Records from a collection
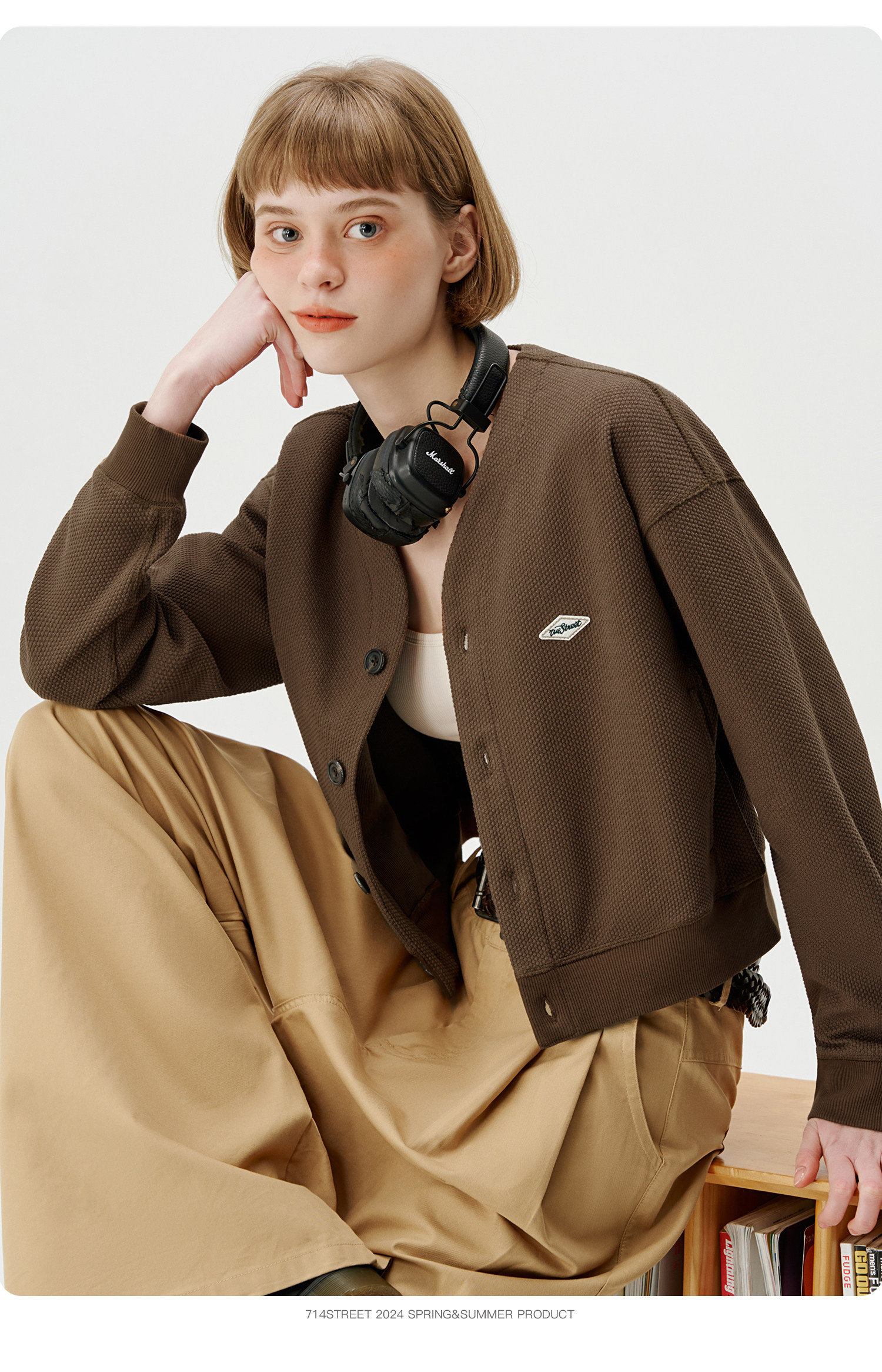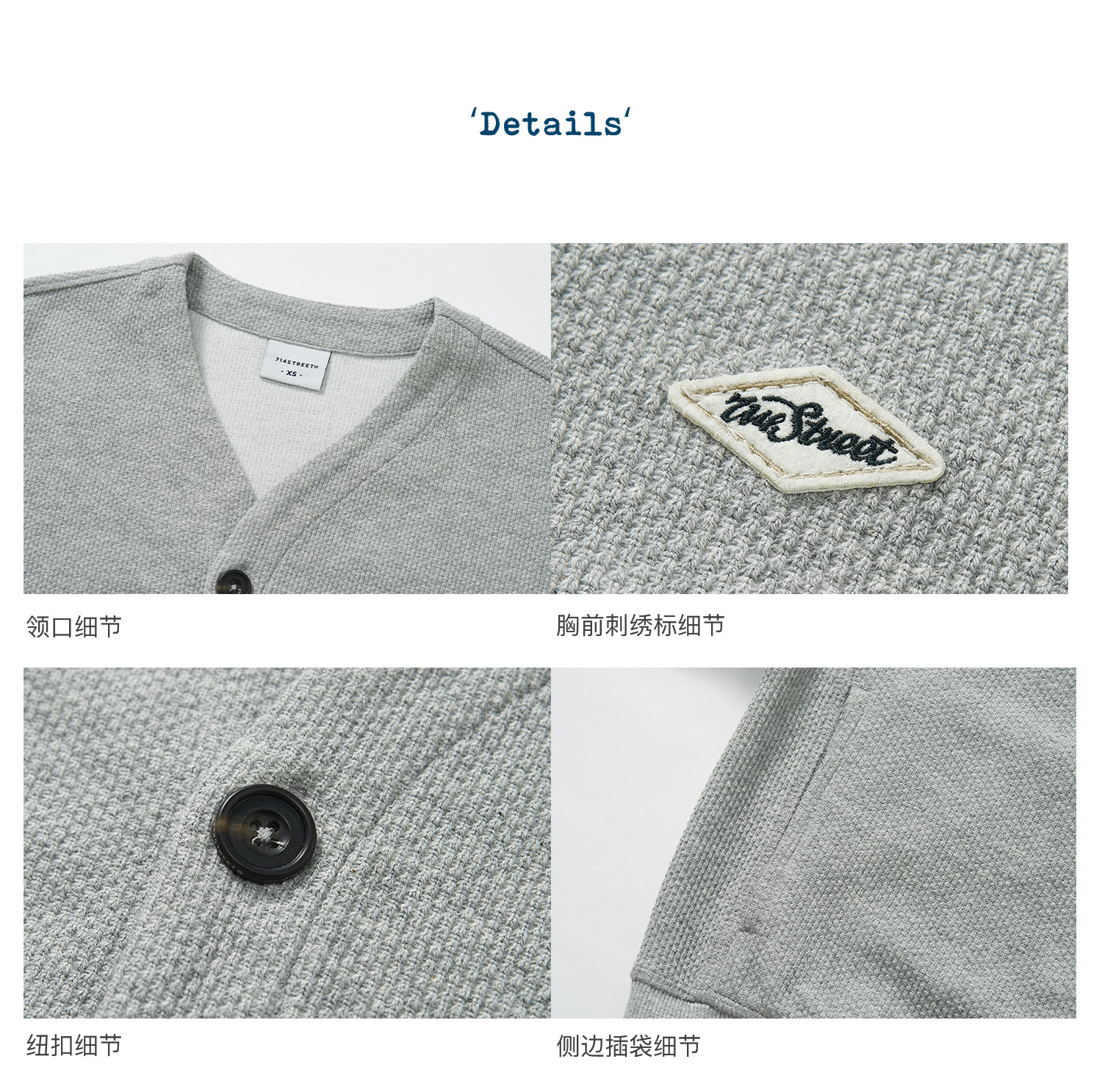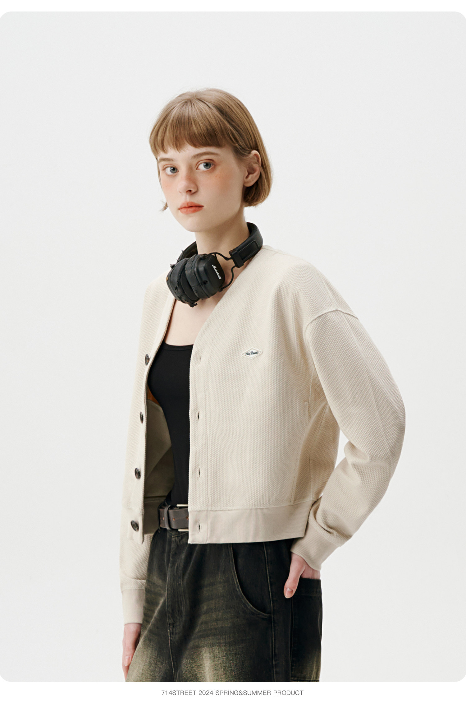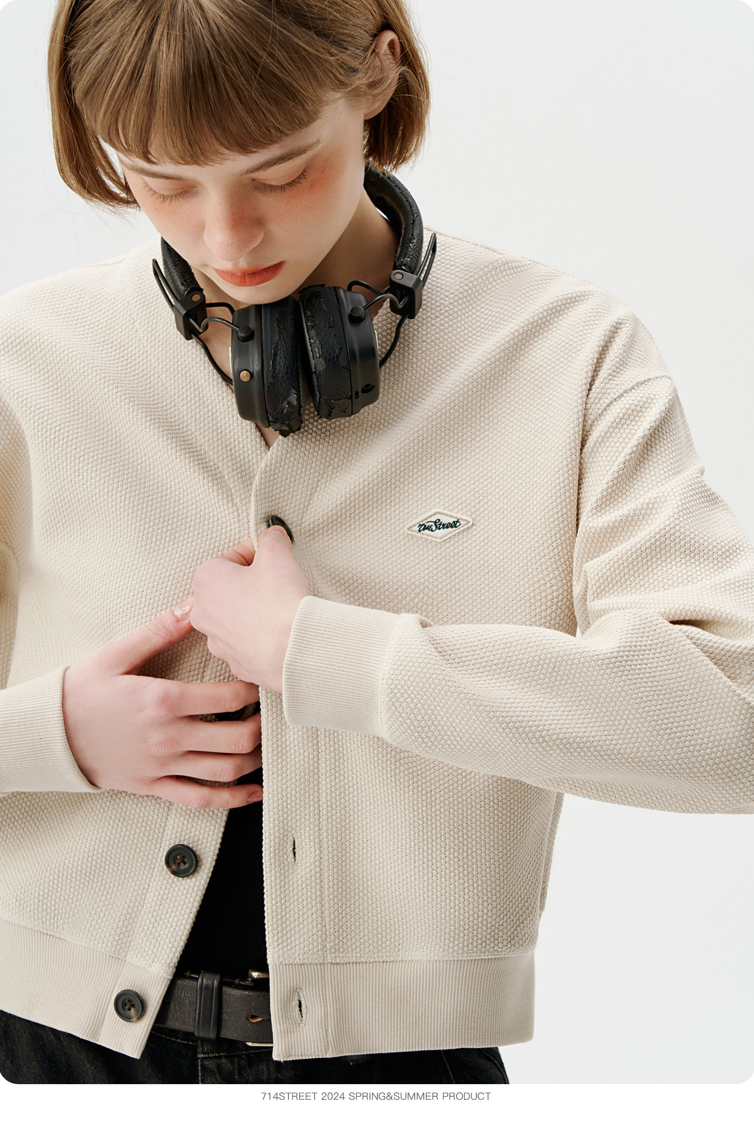 714street潮牌V领开衫外套女2024春秋新款情侣装休闲复古卫衣
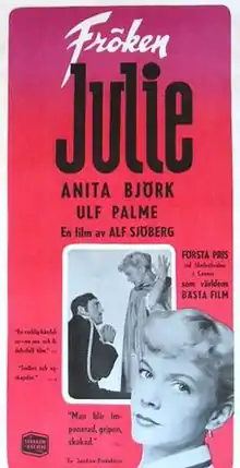 Miss Julie (Swedish: Fröken Julie) is a 1951 Swedish drama film directed by Alf Sjöberg and starring Anita Björk and Ulf Palme, based on the 1888 play of the same name by August Strindberg. The film deals with class, sex and power as the title character, the daughter of a Count in 19th century Sweden, begins a relationship with one of the estate's servants. The film won the Grand Prix du Festival International du Film at the 1951 Cannes Film Festival.[1]
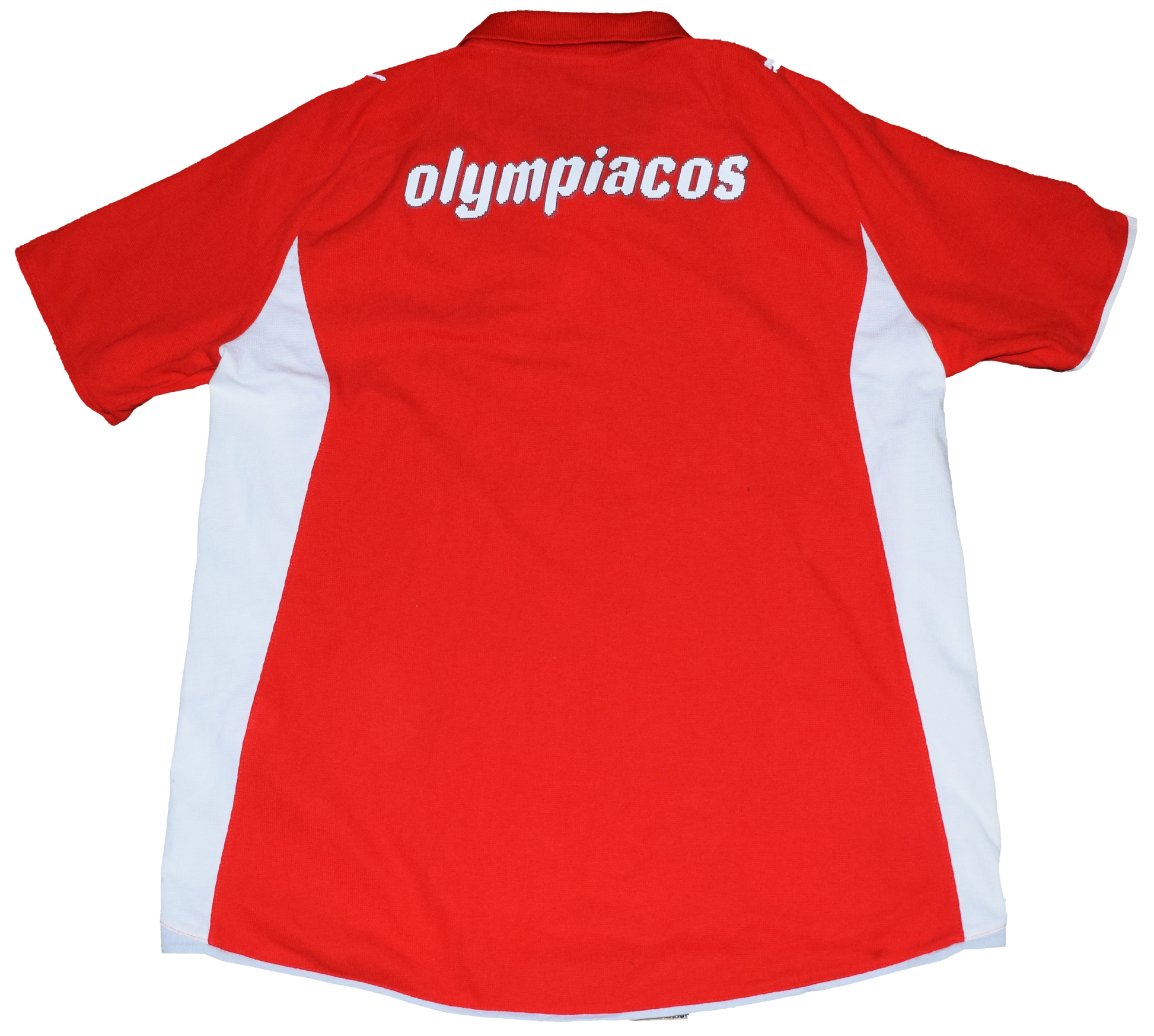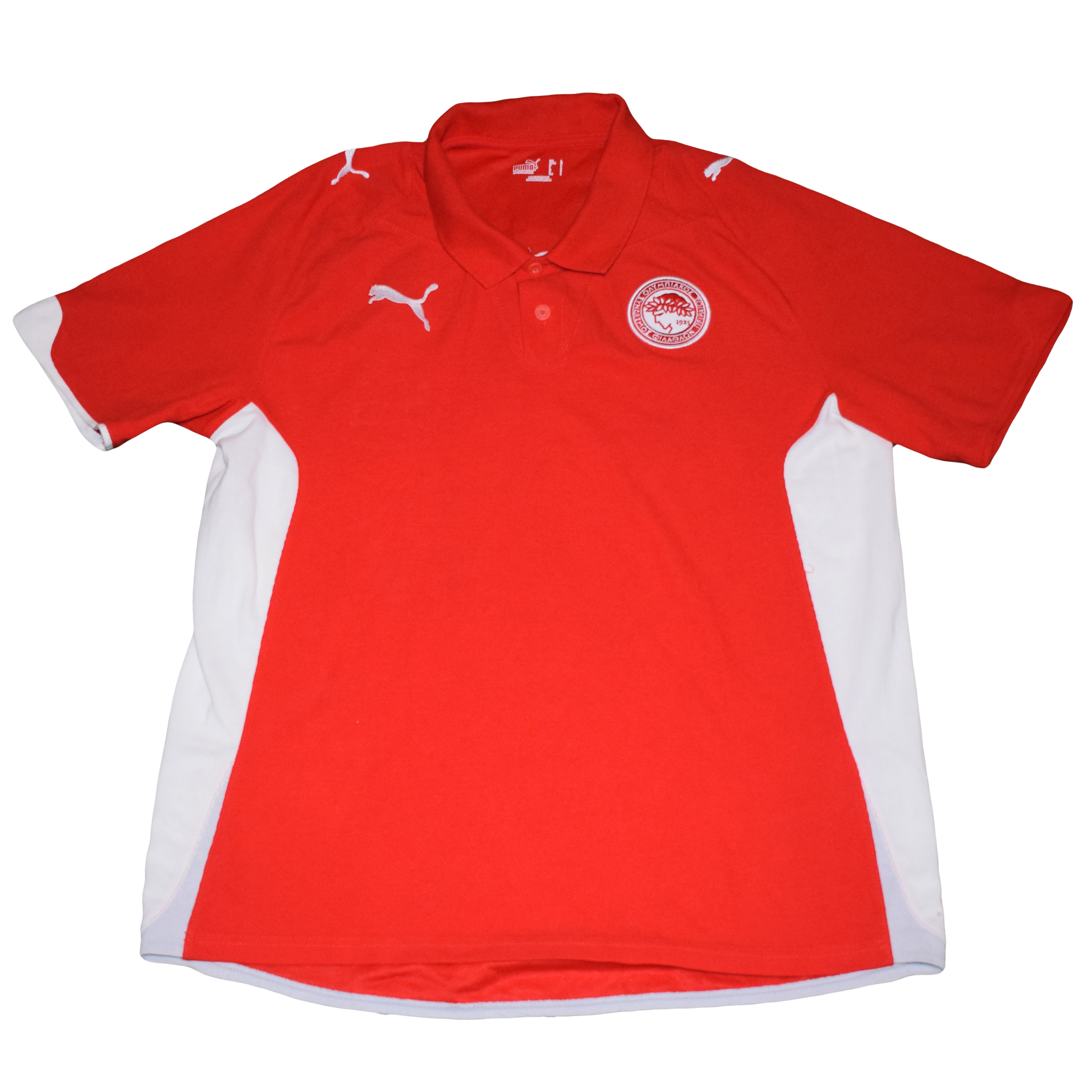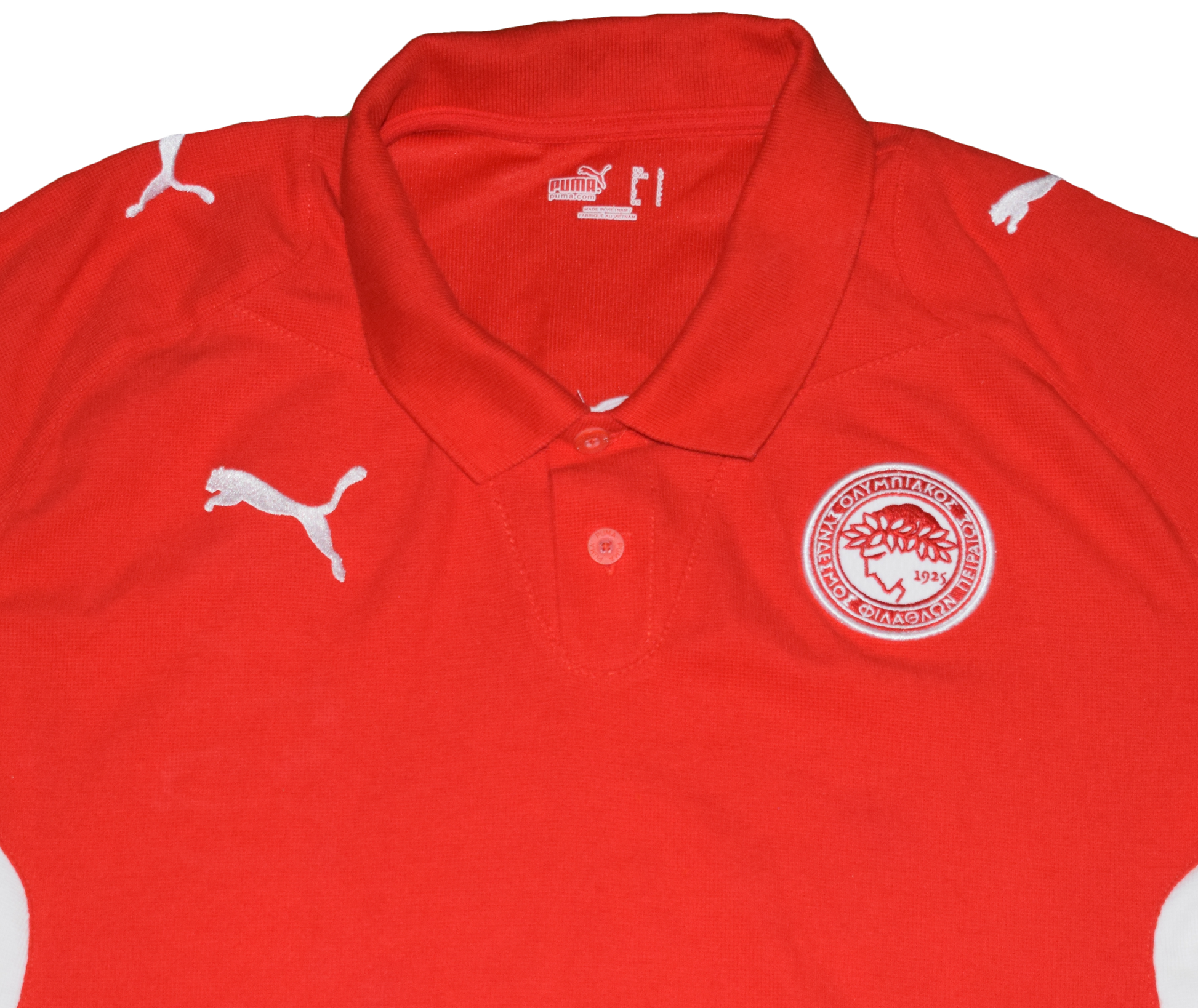 This sleek red-and-white Puma training polo was worn by Olympiacos players and staff during the 2009–10 season, a year of transition and turbulence for the club.
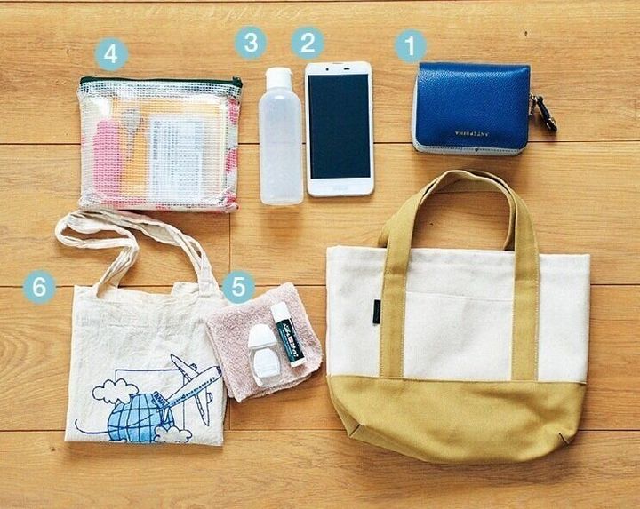 (1)二つ折り財布、(2)スマホ、(3)消毒液、(4)保険証、診察券、印鑑、(5)リップ、目薬、ハンカチ、(6)エコバッグ
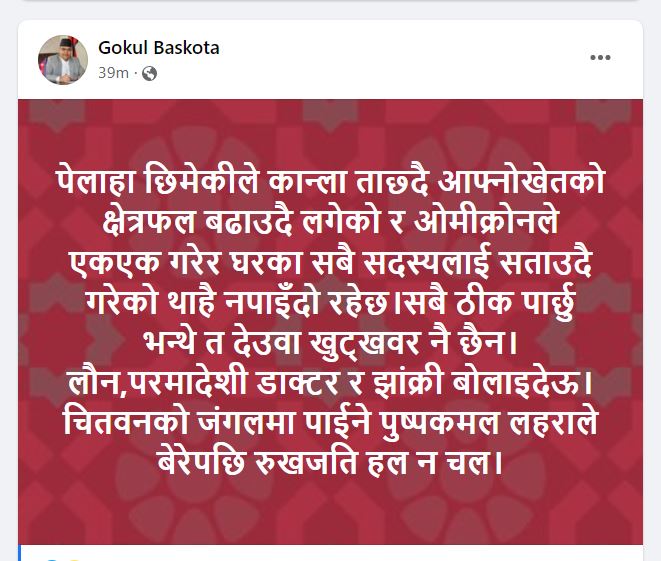 व्यंग्यात्मक शैलीमा बास्कोटाले फेसबुकमा लेख्नुभएको छ, ‘पेलाहा छिमेकीले कान्ला ताछ्दै आफ्नोखेतको क्षेत्रफल बढाउँदै लगेको र ओमिक्रोनले एकएक गरेर घरका सबै सदस्यलाई सताउँदै गरेको थाहै नपाइॅंदो रहेछ। सबै ठीक पार्छु भन्थे त देउवा खुट्खवर नै छैन। लौन परमादेशी डाक्टर र झाँक्री बोलाइदेऊ। चितवनको जंगलमा पाइने पुष्पकमल लहराले बेरेपछि रुखजति हल न चल ।’
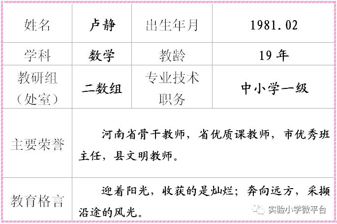 卢静,中小学一级教师,本科学历。河南省骨干教师、商丘市优秀班主任、商丘市骨干教师、省市优质课教师,现任我校二九班数学教师。

Task item> Could you reproduce exactly the lines from the one containing "(1)二つ折り財布、(2)ス" through the last line of the records, both included, leaving out the pictures?

Result for this exercise>
 (1)二つ折り財布、(2)スマホ、(3)消毒液、(4)保険証、診察券、印鑑、(5)リップ、目薬、ハンカチ、(6)エコバッグ
 व्यंग्यात्मक शैलीमा बास्कोटाले फेसबुकमा लेख्नुभएको छ, ‘पेलाहा छिमेकीले कान्ला ताछ्दै आफ्नोखेतको क्षेत्रफल बढाउँदै लगेको र ओमिक्रोनले एकएक गरेर घरका सबै सदस्यलाई सताउँदै गरेको थाहै नपाइॅंदो रहेछ। सबै ठीक पार्छु भन्थे त देउवा खुट्खवर नै छैन। लौन परमादेशी डाक्टर र झाँक्री बोलाइदेऊ। चितवनको जंगलमा पाइने पुष्पकमल लहराले बेरेपछि रुखजति हल न चल ।’
 卢静,中小学一级教师,本科学历。河南省骨干教师、商丘市优秀班主任、商丘市骨干教师、省市优质课教师,现任我校二九班数学教师。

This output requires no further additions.